▸ **THE TASK**
Look in the listing below for the line that has "Los Aros Destello, un", then return it and each following line up to and including the one with "Samsung Galaxy A03", exactly and without pictures.

■ ■ ■ ■ ■ ■ ■

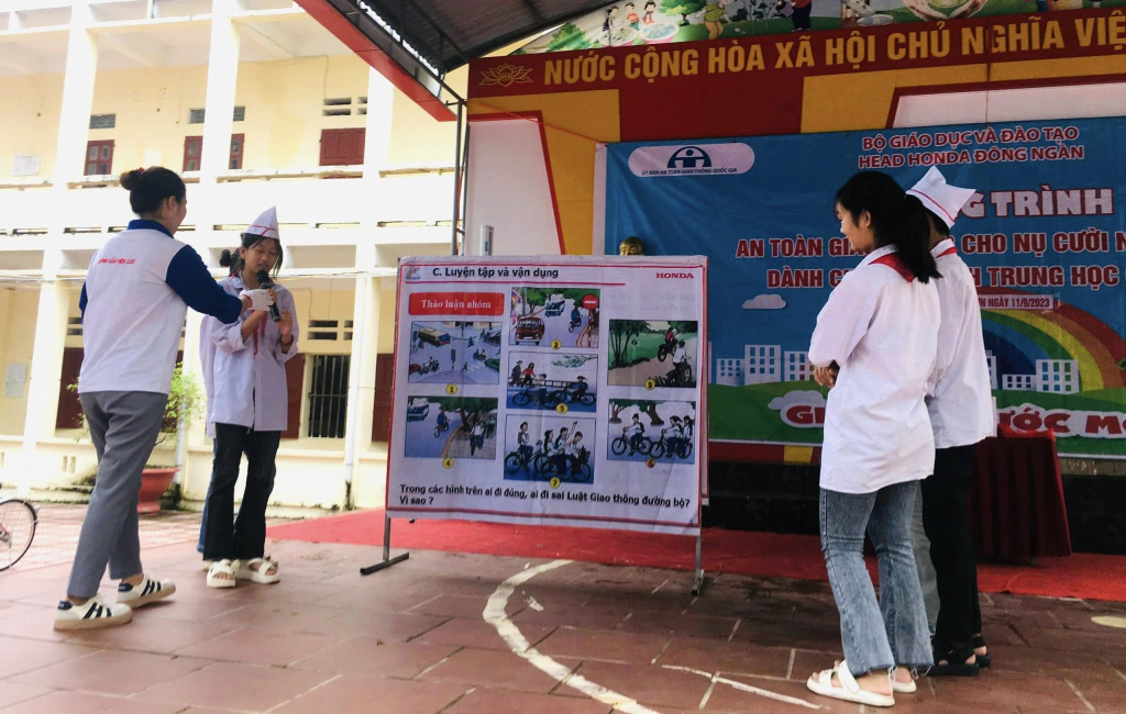 Sau khi cung cấp kiến thức, BTC đã tổ chức kiểm tra nhận thức của học sinh bằng nhiều cách. Chẳng hạn như phỏng vấn học sinh tại chỗ, chia các nhóm lên sân sấu để trả lời hoặc cho học sinh thực hành trên máy tập RT. Bằng tất cả các biện pháp đó, các KTV của HEAD Honda Đông Ngàn đã khắc sâu những kiến thức về ATGT cho học sinh, tạo nên môi trường hoạt động vui và hiệu quả. Cuối chương trình, BTC đã trao giải cho những học sinh tiêu biểu của trường qua các phần thi.
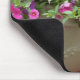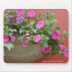 Rosa Petunien werden über einem dekorativen Pflanzer gegen eine rote Wand verschüttet, um den Entwurf für dieses helle mousepad zu schaffen.
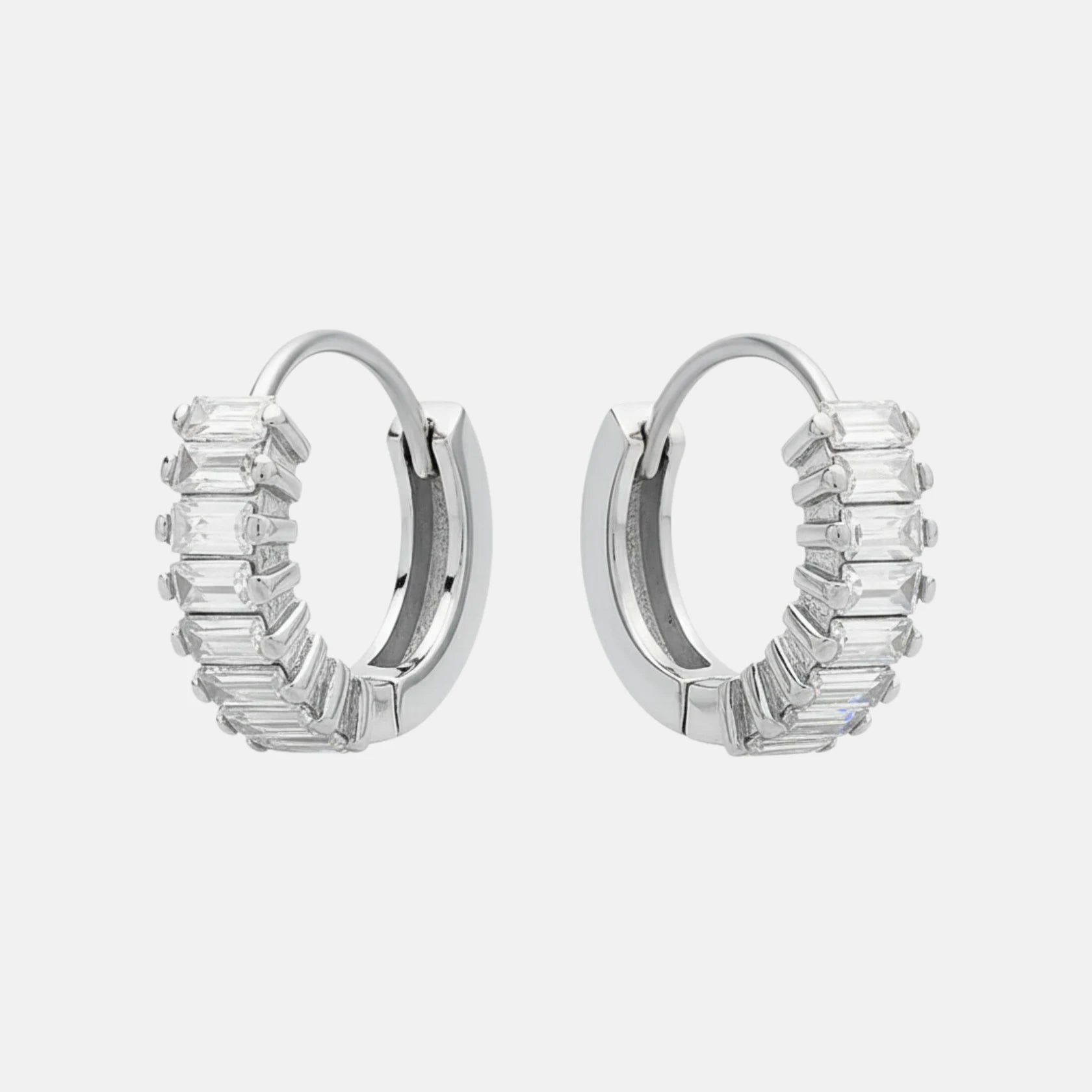 Los Aros Destello, un diseño sofisticado que refleja la luz en cada movimiento. Elaborados en plata 925, su estructura de aro clásico se realza con una hilera de circonitas baguette, creando un brillo deslumbrante y elegante. Perfectos para realzar cualquier look, desde lo cotidiano hasta las ocasiones más especiales.
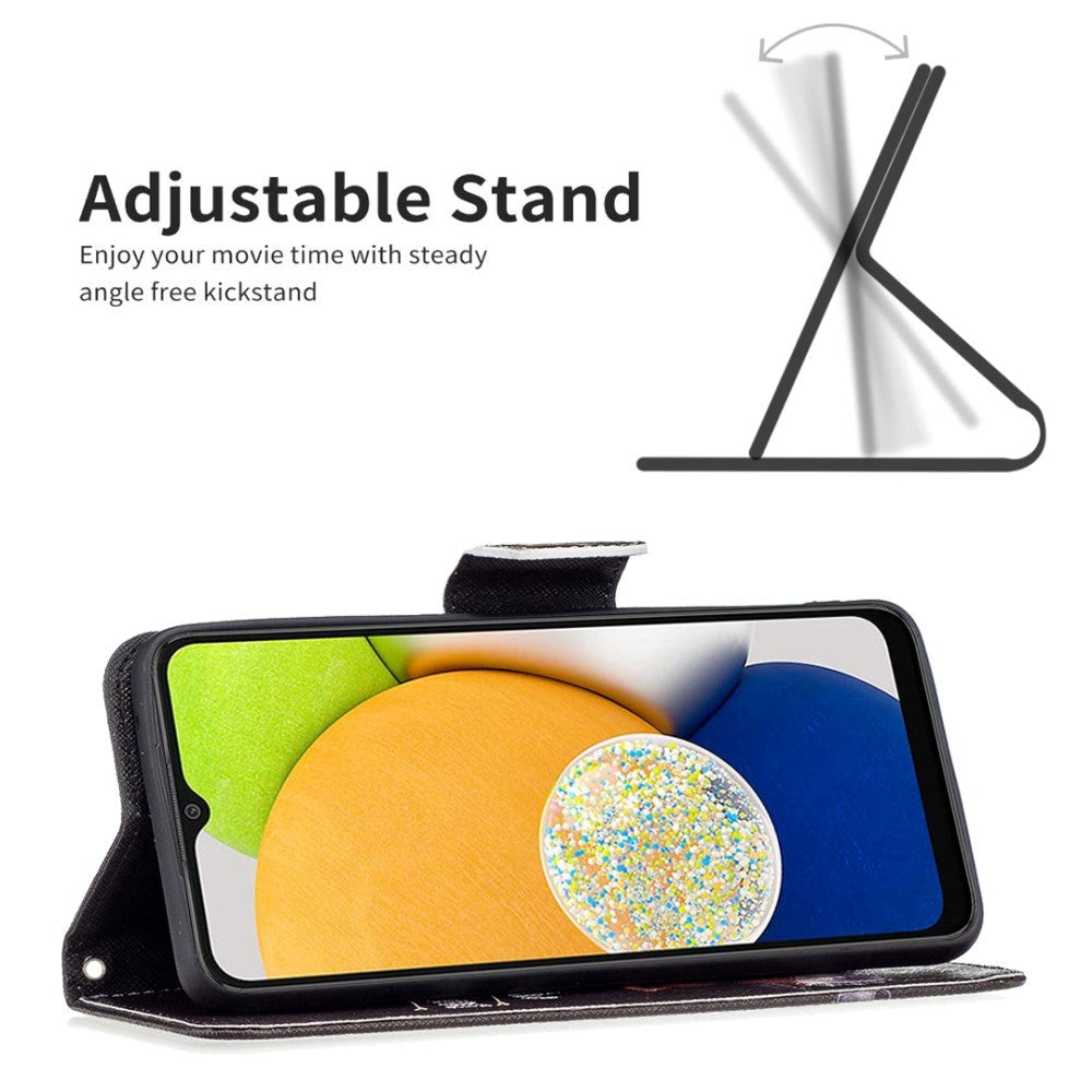 Samsung Galaxy A03 Case with Large Wallet in Leather - Do not Touch My Phone Bear - Black
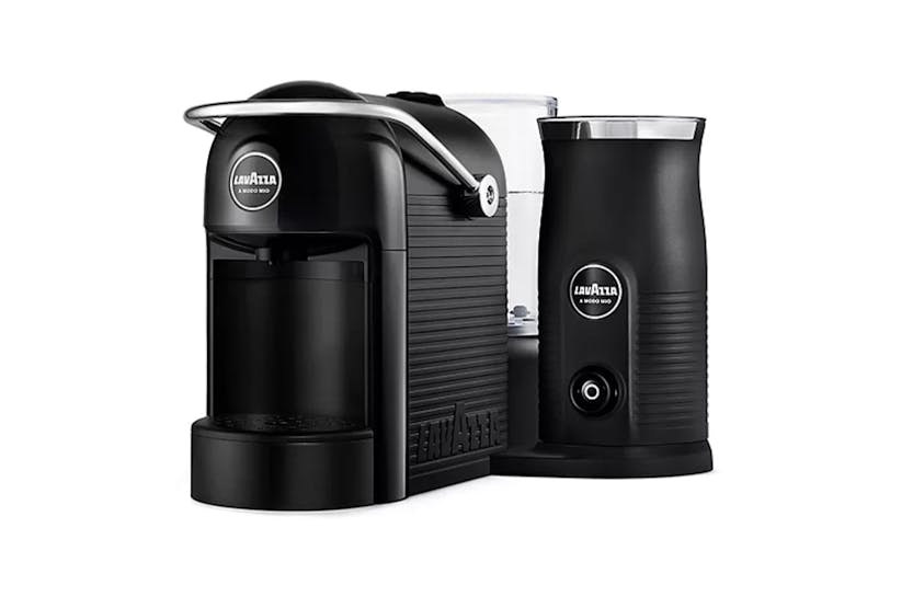 Experience the authentic taste of Italian espresso and cappuccino with the Lavazza a Modo Mio Jolie & Milk Coffee Machine in sleek black. This elegant and quiet machine allows you to easily create a variety of coffee recipes using fresh milk, with features such as a quick 35-second heat-up time, automatic shut-off, and the ability to make espresso, long espresso, cappuccino, and latte macchiato. With an alert for an empty water tank and a drawer that can hold up to 5 used caps, this machine combines convenience and style for a premium coffee experience at home.
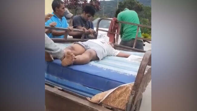 Juanita Satalaya fue auxiliada por sus vecinos y familiares quienes en una furgoneta la trasladaron al Hospital II – 2 de Tarapoto, y tras recibir los primeros auxilios fue deriva al Área de Observaciones y su estado de salud es delicado. Según su diagnostico médico, presente traumatismo encéfalo craneano moderado, fractura de pierna y una costilla.
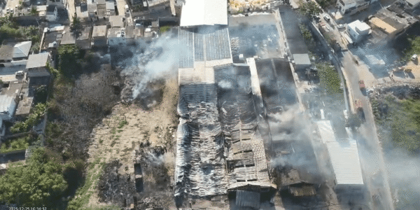 Imagens registradas por drones mostram a área da fábrica após o incêndio, com o imóvel severamente atingido e parte do teto danificada. Veja:

■ ■ ■ ■ ■ ■ ■

▸ **ANSWER SPACE**
 Los Aros Destello, un diseño sofisticado que refleja la luz en cada movimiento. Elaborados en plata 925, su estructura de aro clásico se realza con una hilera de circonitas baguette, creando un brillo deslumbrante y elegante. Perfectos para realzar cualquier look, desde lo cotidiano hasta las ocasiones más especiales.
 Samsung Galaxy A03 Case with Large Wallet in Leather - Do not Touch My Phone Bear - Black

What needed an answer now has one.